I have known AJ for 40 years, from my schooldays
when AJ was editing the Co-operator. I last saw him in Jaffna in
2004, and previously in 2002, soon after the ceasefire, in the company
of Rev. Paul Caspersz, Dr. Kumar David, Marshal Fernando, Dr. Vijaya
Kumar, and Jayaratne Malliyagoda – some of us returning to
Jaffna to commemorate our visit twenty three years earlier as part
of the first fact-finding-the delegation of the Movement for Inter-Racial
Justice and Equality (MIRJE) during the Emergency Rule of 1979.
AJ had translated into Tamil the MIRJE publication: Emergency ’79.

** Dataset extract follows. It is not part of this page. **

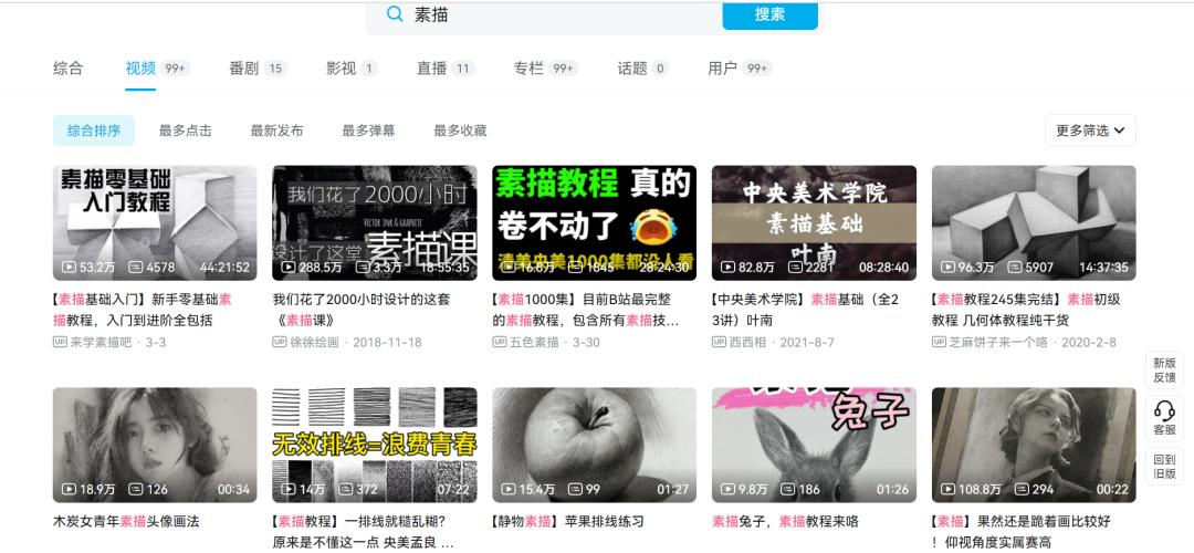 可见,“共享资源”在大学生群体极受欢迎,锌刻度发现,在B站上搜索“素描”,不仅有教程还有相关直播,入门、进阶等都有相关课程。

In 2002, he gave us the most penetrating analysis
of the situation in Jaffna and the prospects for a permanent peace.
As he put it, it called for a leap of faith for a Tamil to believe
that the UNP that burnt the Jaffna Library in 1981 and burnt the
PA’s Constitutional Draft in Parliament in 2000 would deliver
a lasting solution to the Tamil question. In the musical chairs
that is Colombo politics, it really does not matter who is in power,
and the echo from Colombo is anything but music in Jaffna.
AJ left Jaffna earlier this year for medical treatment
in Colombo. That became his last journey out of the peninsula. He
died and was buried in Colombo, but he will live in the collective
memory of Jaffna’s literati wherever they are.